A natural solution to this problem is to use a smaller model trained on the same data. While this approach might seem reasonable, simply fine tuning relies on hard labels, limiting the model’s ability to capture deep contextual relationships. In contrast, soft labels (probabilistic outputs from a larger teacher model) encode richer information, leading to better generalization. This helps it capture multiple modes within the distribution, preserving the knowledge of the larger teacher model more effectively.
In this blog, we will first explore the Teacher-Student model, then examine the training methodology of distilled models.

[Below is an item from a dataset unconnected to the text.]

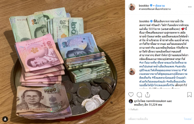 โดย บุ๊คโกะ ได้โพสต์ภาพลงอินสตาแกรมส่วนตัวพร้อมระบุข้อความว่า นี้คือเงินจากการขายน้ำวันสงกรานต์ 4วันคร้า ได้กำไลหลังจากหักทุนแล้วคือ 5035บาท (เลขสวยดีนะคะ) นี้คืออาชีพเสริมตอนเราอยู่กรมทหาร สมัยขายน้ำในตลาดนัด แม่เป็นคนสอนให้ต้มน้ำลำใย น้ำเก๊กฮวย น้ำชาดำเย็น และน้ำต่างๆ เราได้วิชานั้นมาจากแม่ แม่ไม่เคยสอนให้เราอายทำกิน และหมิ่นเงินน้อย 4วันที่ผ่านมาได้รำลึกความหลังครั้งเก่าๆตอนที่ลำบากมากๆ มันทำให้เรารู้ว่าแม่สอนให้เราเข้มเเข็งและเอาชนะอุปสรรคต่างๆมาได้

Finally, we will evaluate how distilled models perform on safety-specific benchmarks compared to their Instruct counterparts.
Teacher-Student Model
Most knowledge distillation approaches follow a teacher-student framework, where a teacher model—typically larger and more capable—transfers knowledge to a student model, which is significantly smaller and less powerful. The goal is to align the output probability distribution of the student model with that of the teacher model, rather than just training on labeled data.
This is achieved by minimizing a soft loss function, usually a modified KL divergence (Kullback-Leibler Loss), which reduces the distance between the probability distributions of the teacher and student models. Unlike standard supervised training, which relies on hard labels, knowledge distillation allows the student to capture richer contextual information from the teacher’s outputs.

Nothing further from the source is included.